Example 1: Input: 2.00000, 10 ; Output: 1024.00000
Example 2: Input: 2.10000, 3 ; Output: 9.26100
Example 3: Input: 2.00000, -2 ; Output: 0.25000
Note:
- -100.0 < x < 100.0
- n is a 32-bit signed integer, within the range [−2^31, 2^31 − 1]
Solution
Basic idea is to utilize simple multiplication. We do x x x x … n times. This approach has a potential to cause time limit exceeds, when n is very large.
Instead we can utilize redouble the x, say
- for n = 2, we do x * x
- for n = 4, we do x x, then do (x x) (x x)…
if n is odd, then multipy an additional tempX.
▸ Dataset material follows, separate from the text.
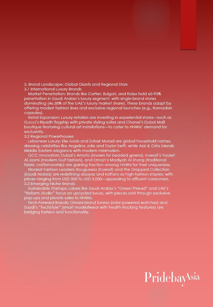 - Tech Integration: AI-powered personalization (e.g., virtual stylists for modestwear) and 3D product trials are becoming standard, with 41% of GCC HNWIs preferring brands that offer digital customization.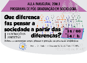 A Universidade Federal do Piauí (UFPI), por meio do Programa de Pós Graduação em Sociologia, convida a todos para a aula inaugural no dia 14 de março às 14h no auditório Noé Mendes no Centro de Ciências Humanas e Letras. O evento terá como tema "Que diferença faz pensar a sociedade a partir das diferenças?" e discutirá sobre as categorias corpo, gênero e geração na pesquisa sociológica.

Next, we will solve this question recursively and iteratively
Solution 1: TLE
If we solve this problem like solving multiplication, then TLE may happen.
Code: Wrong Version
public double myPow(double x, int n) {
if (n == 0) return 1;
if (n < 0) {
x = 1 / x;
if (n == Integer.MIN_VALUE)
return x * myPow(x, Integer.MAX_VALUE);
n = -n;
}
double res = x;
int multiplication = 1;
while (multiplication + multiplication < n) {
res *= res; multiplication *= 2;
}
return res * myPow(x, n - multiplication);
}Solution 2: Recursion Method
Code: Recursive Method
public double myPow(double x, int n) {
if (n == 0) return 1.0;
if (n < 0) {
x = 1 / x;
if (n == Integer.MIN_VALUE)
return x * myPow(x, Integer.MAX_VALUE);
n = -n;
}
return n % 2 == 0 ? myPow(x * x, n / 2) : x * myPow(x * x, n / 2);
}Solution 3: Iteration Method
Code: Iterative Method
public double myPow(double x, int n) {
if (n == 0) return 1.0;
if (n < 0) {
x = 1 / x;
if (n == Integer.MIN_VALUE)
return x * myPow(x, Integer.MAX_VALUE);
n = -n;
}
double ans = 1;
while (n != 0) {
if (n % 2 == 1) ans *= x;
x *= x;
n /= 2;
}
return ans;
}